======== Dataset entries
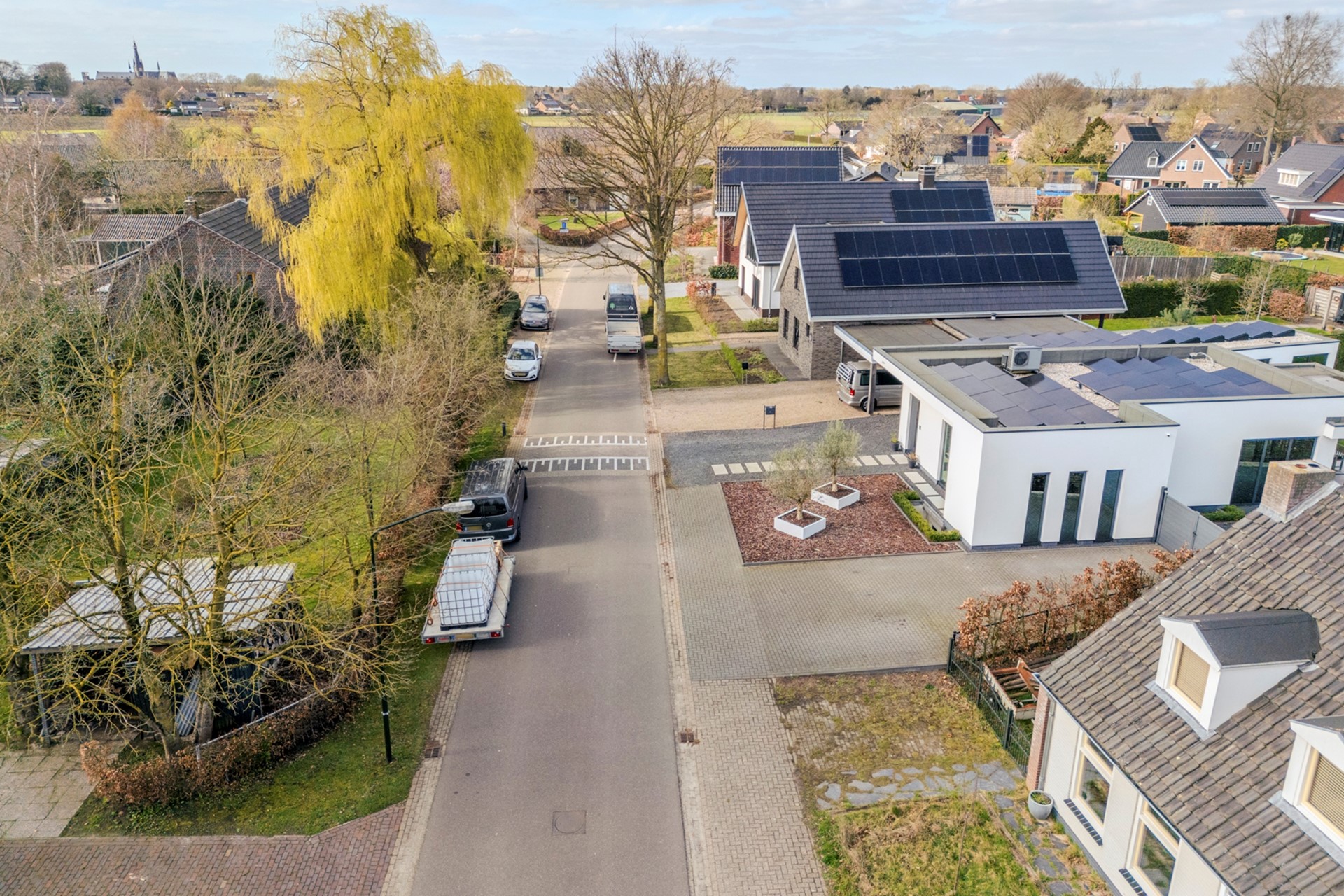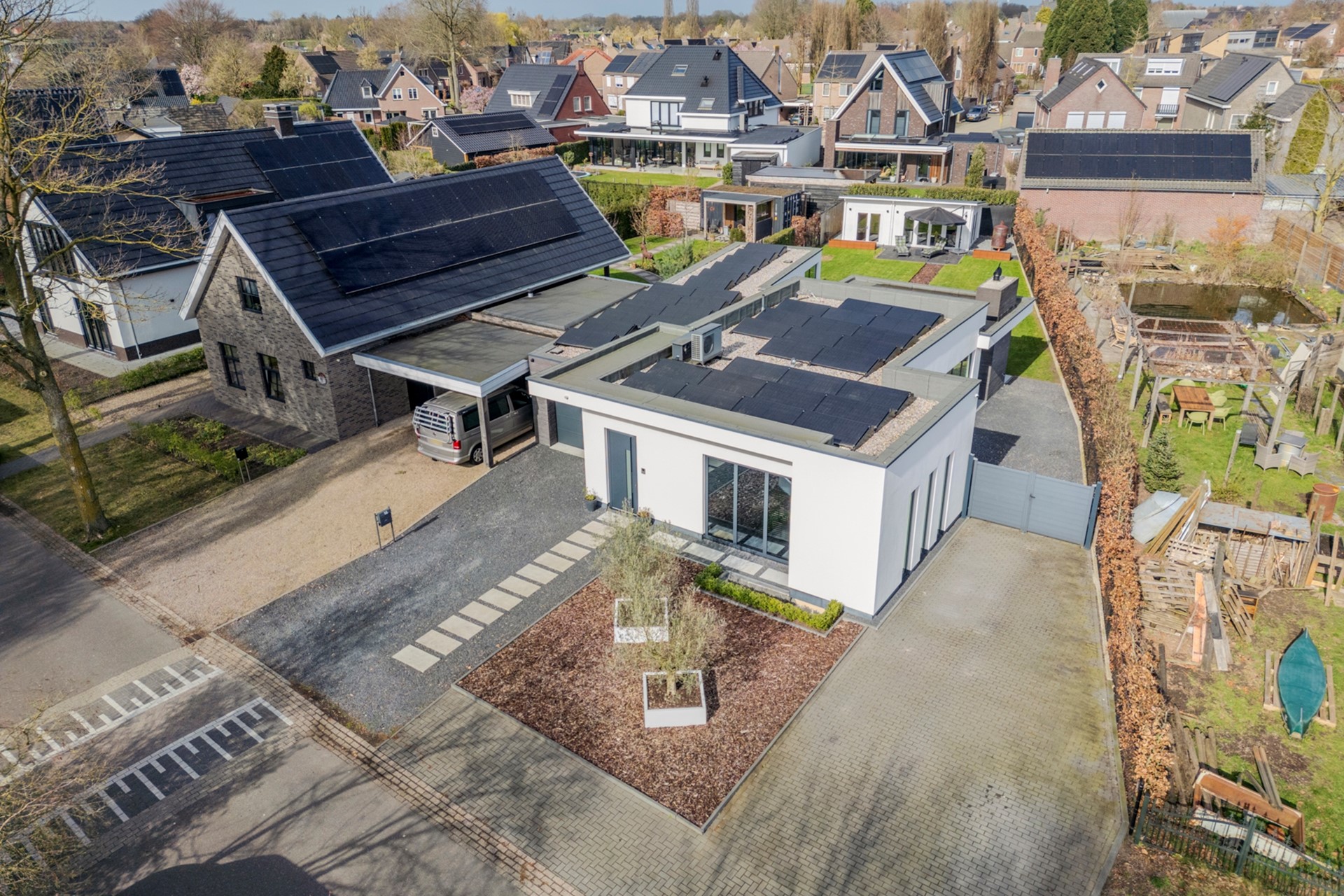 De oprit aan de voorzijde biedt plaats aan meerdere auto's.
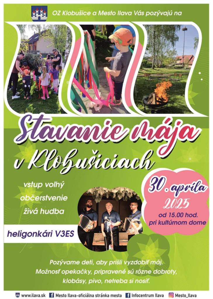 Stavanie mája nevynechajú ani ďalšie dve mestské časti Ilavy. V Klobušiciach bude popri stavaní veselo, deti môžu prísť už od tretej hodiny popoludní ozdobiť máj. Nebude chýbať hudba občerstvenie, či opekačka.
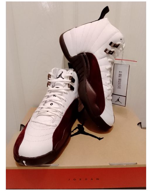 AIR JORDAN 12 RETRO SP. WHITE, BLACK, BURGUNDY CRUSH. They are a UK size 5 and US size 7.5, with an EU size of 38.5. These sneakers feature a sleek black design with the iconic Jordan logo accents.
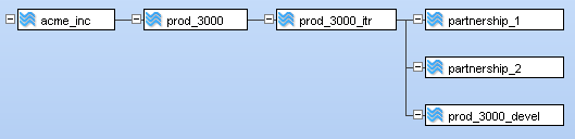 Both examples make use of the same environment: Assume that your company ("Acme Agile, Inc.") has a new product ("Product3000"), and you will be collaborating with two partners to develop the code ("Partnership_1" and "Partnership_2"). For simplicity, these examples illustrate settings ACLs for specific users. In a real-life scenario, you would typically assign many users to various groups, and then set the element ACLs by group.
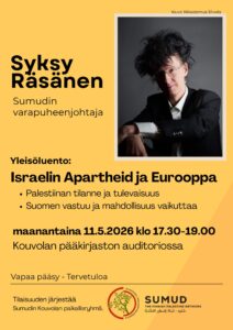 Sumud on intersektionaalinen järjestö, joka työskentelee Israelin apartheidin, miehityksen ja kolonialismin lopettamiseksi sekä palestiinalaisten ihmisoikeuksien ja poliittisten oikeuksien toteuttamiseksi.
================
Instructions to follow » Pictures aside, retype all of the entries word for word.

Reply »
 De oprit aan de voorzijde biedt plaats aan meerdere auto's.
 Stavanie mája nevynechajú ani ďalšie dve mestské časti Ilavy. V Klobušiciach bude popri stavaní veselo, deti môžu prísť už od tretej hodiny popoludní ozdobiť máj. Nebude chýbať hudba občerstvenie, či opekačka.
 AIR JORDAN 12 RETRO SP. WHITE, BLACK, BURGUNDY CRUSH. They are a UK size 5 and US size 7.5, with an EU size of 38.5. These sneakers feature a sleek black design with the iconic Jordan logo accents.
 Both examples make use of the same environment: Assume that your company ("Acme Agile, Inc.") has a new product ("Product3000"), and you will be collaborating with two partners to develop the code ("Partnership_1" and "Partnership_2"). For simplicity, these examples illustrate settings ACLs for specific users. In a real-life scenario, you would typically assign many users to various groups, and then set the element ACLs by group.
 Sumud on intersektionaalinen järjestö, joka työskentelee Israelin apartheidin, miehityksen ja kolonialismin lopettamiseksi sekä palestiinalaisten ihmisoikeuksien ja poliittisten oikeuksien toteuttamiseksi.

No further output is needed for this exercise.